From one meal to one sick friend to 3 million New Yorkers fed last year. Photo: God’s Love We Deliver

In 1985, as a volunteer at Cabrini Hospice, Ganga Stone delivered a bag of groceries to Richard Sale, a man living with AIDS. Upon receiving the bag, he threw it on the floor in frustration. Sale could barely stand — how was he supposed to turn a bag of ingredients into his supper?

The next day, Stone brought Sale a deli-bought meal. The day after that, she personally prepared a meal that was tailored to his ailing body’s dietary needs.

As she walked to Sale’s to drop off the meal, Stone was stopped on the street by a minister, who asked where she was going and what she was doing. Stone told him she was delivering food to a sick friend, to which he replied, “you’re not just delivering food… you’re delivering God’s love.”

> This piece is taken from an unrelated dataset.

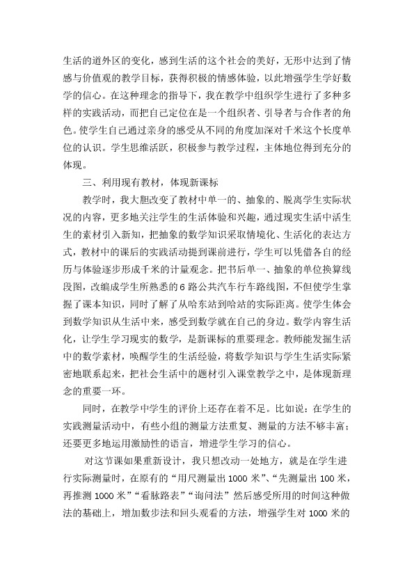 对这节课如果重新设计,我只想改动一处地方,就是在学生进行实际测量时,在原有的“用尺测量出1000米”、“先测量出100米,再推测1000米”“看脉路表”“询问法”然后感受所用的时间这种做法的基础上,增加数步法和回头观看的方法,增强学生对1000米的长度的感受。

Within the year, Ganga Stone and her friend Jane Best founded God’s Love We Deliver, a secular New York charity that cooks and home-delivers nutritious, medically-tailored meals to people too sick to shop or cook for themselves. At the time, they worked in collaboration with a local restaurant and delivered — mostly by bike — 50 meals a day to those living with AIDS in Manhattan. They grew rapidly to meet the speed and ferocity of the…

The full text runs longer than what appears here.